Third, when those two layers were judged insufficient, the law removed the model from the market. Export controls are about as far outside the model as a boundary can get.

Three safety mechanisms, three layers, all of them external. The one thing that was supposed to make the model safe from the inside - its trained refusals - is precisely the part that failed.

The jailbreak is the tell

The technique that triggered the whole episode was not exotic. According to the reporting, a company prompted the model to "read a specific codebase and identify software flaws."2 A request that sounds like ordinary code review walked straight past the trained guardrails and out the other side as a vulnerability-discovery engine.

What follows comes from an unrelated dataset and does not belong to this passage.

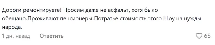 «Дороги ремонтируйте! Просим даже не асфальт, хотя было обещано. Проживают пенсионеры. Потратьте стоимость этого шоу на нужды народа».

Anthropic disputes the severity - it calls the jailbreak narrow and non-universal, says it has seen only verbal evidence, and points out the same capability is already available in other public models including GPT-5.5.7 On the narrow question of whether this particular model deserved to be pulled, Anthropic may well be right.

But that argument concedes the larger one. If a frontier lab can spend thousands of hours red-teaming a model with the explicit goal of suppressing its cyber capabilities, restrict it to fifty hand-picked organisations, and still have a plain-language prompt elicit the behaviour it was trained to refuse - then trained refusal is not a security boundary. It is a preference. A strong preference, usually honoured, but one that a sufficiently capable model can be talked out of by anyone who phrases the request as something benign.

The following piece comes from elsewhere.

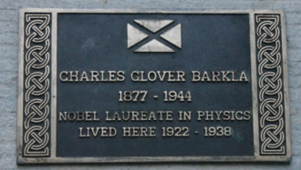 A plaque exists on Barkla's house at Hermitage of Braid in Edinburgh. A commemorative plaque has been installed in the vicinity of the Canongate, near the Faculty of Education Buildings, at the University of Edinburgh. Additionally, a lecture theatre at the University of Liverpool's Physics department, as well as a Biophysics laboratory in the Biological science department,[15] are named after him. In 2012 a gritter in Barkla's home town of Widnes was named in his honour, following a competition run by the local newspaper.[16]

The more capable the model, the larger the gap between "usually refuses" and "cannot do harm." And the model only has to be talked out of it once.

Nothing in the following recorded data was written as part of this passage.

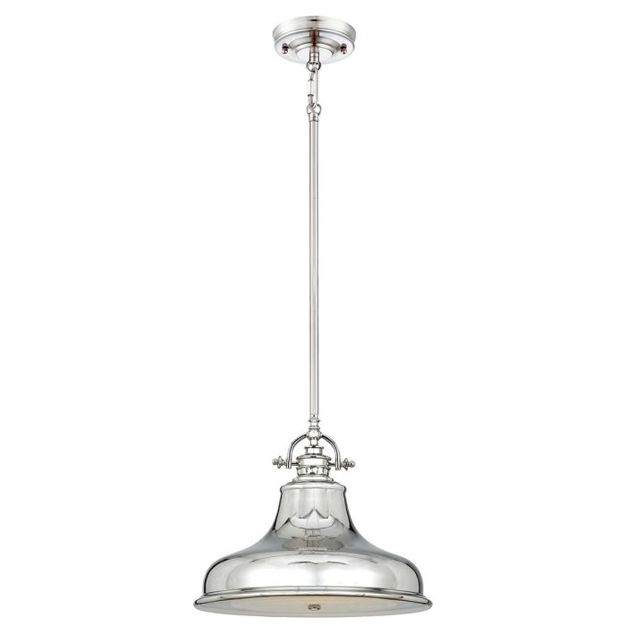 Emery is a classic Americana metal pendant series which adds a nostalgic flair to any kitchen island or dinner table. The single medium sized pendant is a is available in an Imperial Silver finish. It includes a prismatic lens diffuser for a soft, even light.
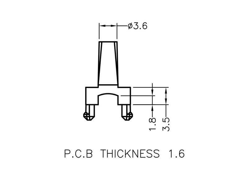 Vertical SMD Press-Fit 3 Wide LED Light Pipe. Flat Lens Size Ø3.6mm. Material Polycarbonate.
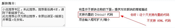 请问:可以在版块介绍中使用html代码吗

We have seen this pattern before

This is not a new lesson. It is the oldest lesson in systems security, arriving on schedule for a new class of system.

Early operating systems trusted their applications. A program asked the machine to do something and the machine did it. Modern operating systems isolate applications behind process boundaries, permissions and syscall mediation, because trusting the application stopped being viable once applications got powerful enough to do real damage.

Early browsers trusted websites. Modern browsers sandbox every tab, because a web page became capable enough to be hostile.

Early cloud platforms trusted workloads. Modern ones wrap workloads in containers, VMs, IAM policies and policy engines, because a workload you do not fully control is a workload you have to contain rather than trust.

The pattern is identical every time. While capabilities are modest, trust is cheap and you put it in the thing doing the work. Once capabilities cross a threshold, trust moves out of the actor and into the architecture around it. Nobody decided this as a matter of taste. It is what survived contact with attackers.

AI agents are walking the same road, and Mythos is the marker that says the threshold has been crossed.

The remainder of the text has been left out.